Mass import sentences into Sentence Collector


(Michal Stanke) #1


For @MekliCZ has been running a custom sentence collector tool on to gather some data in Czech. Would it be possible to mass import these sentences into the new collector tool, so people can start reviewing them? What format would be suitable the best? Or should we just dump them and upload via the form?


(Rubén Martín) #2

I know people have been able to c&p a few thousand of sentences, just note that it takes a few to upload all of them.

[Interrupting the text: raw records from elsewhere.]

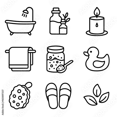 Spa Icon Grid. Outline icon set of spa bath relaxation: bathtub, aromatherapy oils, candle, towel, bath salts,
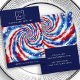 Écouter la carte d'affichage du produit avec un motif de teinture à cravate patriotique étoiles et rayures en bleu, blanc et rouge, et votre logo personnalisé. Texte personnalisable à l'arrière.
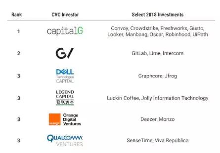 CB Insights 统计,CapitalG(谷歌资本,偏中后期)是最活跃的独角兽(十年以下,市值超过10亿美金)投资者,在2018年投资了9家独角兽公司。
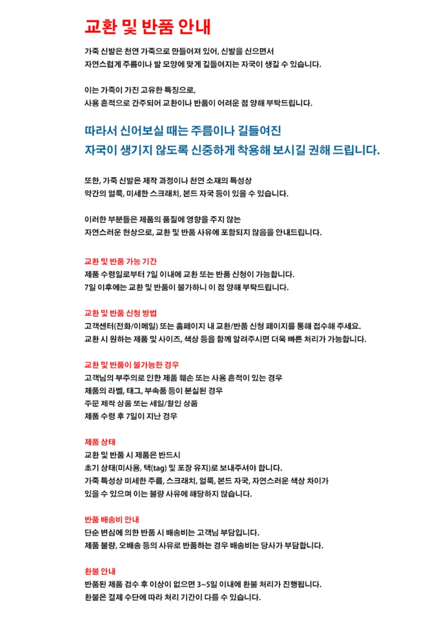 불가능하니 반드시 신으시기 전에 연락주시기 바랍니다.

How many do you have? Pasting blocks of 2k should be safe.

(Michal Vašíček) #3

Hey, is it possible to send you sentences we already approved (so we can bypass approval in this tool)? We have ~2.5k approved sentences and ~4k to be triaged.

(Rubén Martín) #4


We changed the process to ensure quality back in December, we want all sentences to go through the tool. I hope you understand.


(Michal Stanke) #6

Hi @nukeador.

@MekliCZ has uploaded all sentences from we collected and reviewed in the past using our own tool. What is the exact flow for a sentence to get ready for Common Voice? I have noticed two states mentioned in the collector UI - reviewed and validated, what is the difference between them?

(Rubén Martín) #7

Sentences added to the tool need to be reviewed by other users, once they got enough positive votes they are validated.

We export all new validated sentences to the main site each few days.